What parts of Spain will likely be on the UK’s ‘green’ travel list?

On May 17th the UK government will announce which parts of Spain are included on the country’s “green” list, which will in theory allow British holidaymakers to not have to quarantine on their return to the UK. Here are the Spanish regions that could be included based on the current evidence.

What parts of Spain will likely be on the UK's 'green' travel list?
A beautiful cove in Mallorca, one of hundreds the Balearic island has to offer.Photo: Eugene Zhyvchik/Unsplash

In recent interviews over the past few weeks, Spain’s Secretary of State for Tourism Fernando Valdés has said that his country “cannot afford another summer like 2020’s” and that his ministry is “desperate to welcome” British tourists back. 

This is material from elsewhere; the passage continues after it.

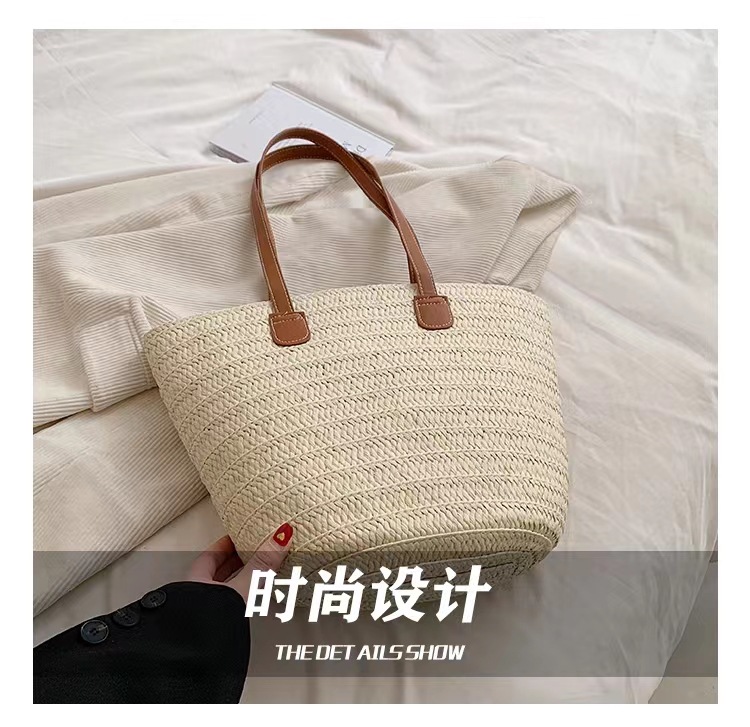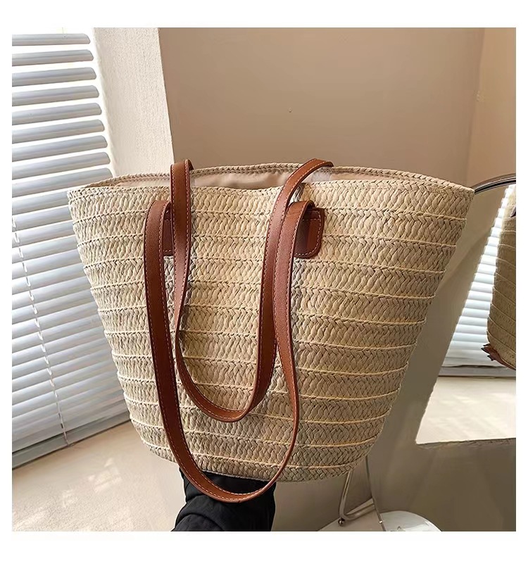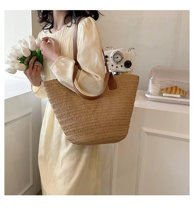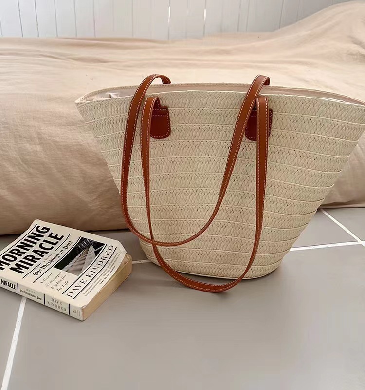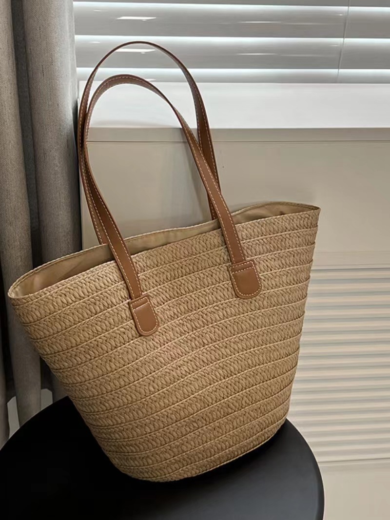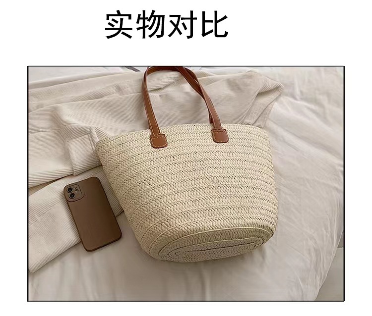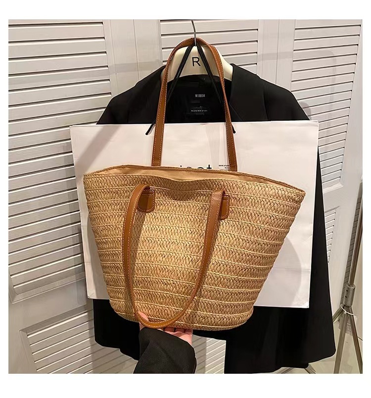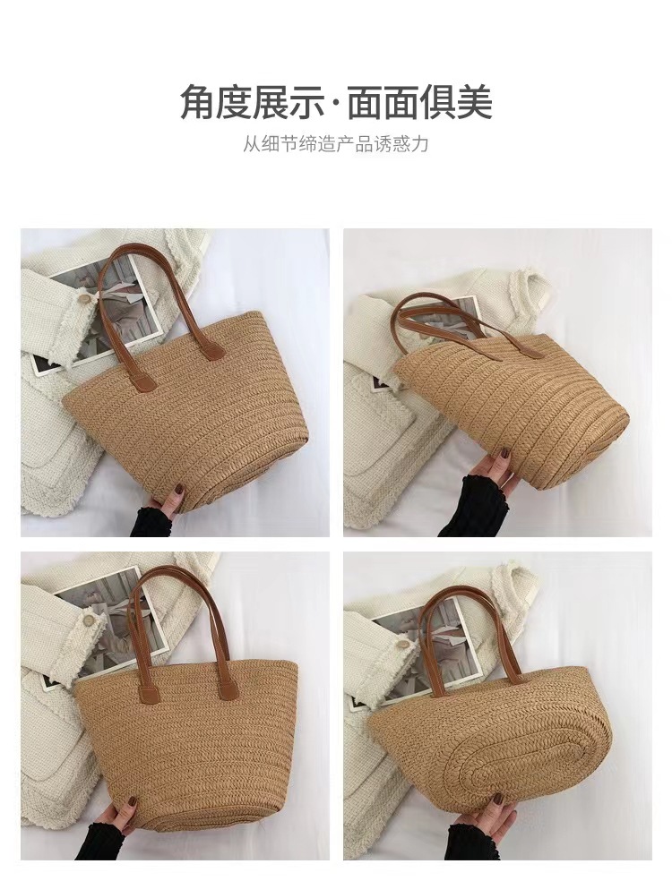 새로운 스타일 브레이드 짠 가방 여성 가방 대용량 밀짚 짠 가방 해변 휴가 심플 비치 백 숄더백 토트백스토어 가기

UK holidaymakers are of course crucial to the recovery of Spain’s ailing tourism industry, representing 22.5 percent of international tourists in 2019 – 18 million people who spent €17.9 billion on their Spanish holidays. 

The reality is that for Spanish tourism to return to normal, coronavirus travel restrictions in both countries have to align themselves in time for summer, from Spain allowing non-essential travel for non-EU visitors (including Brits), to the possible inclusion of Britain in a Spanish vaccine passport scheme and of course the UK’s upcoming “green list”.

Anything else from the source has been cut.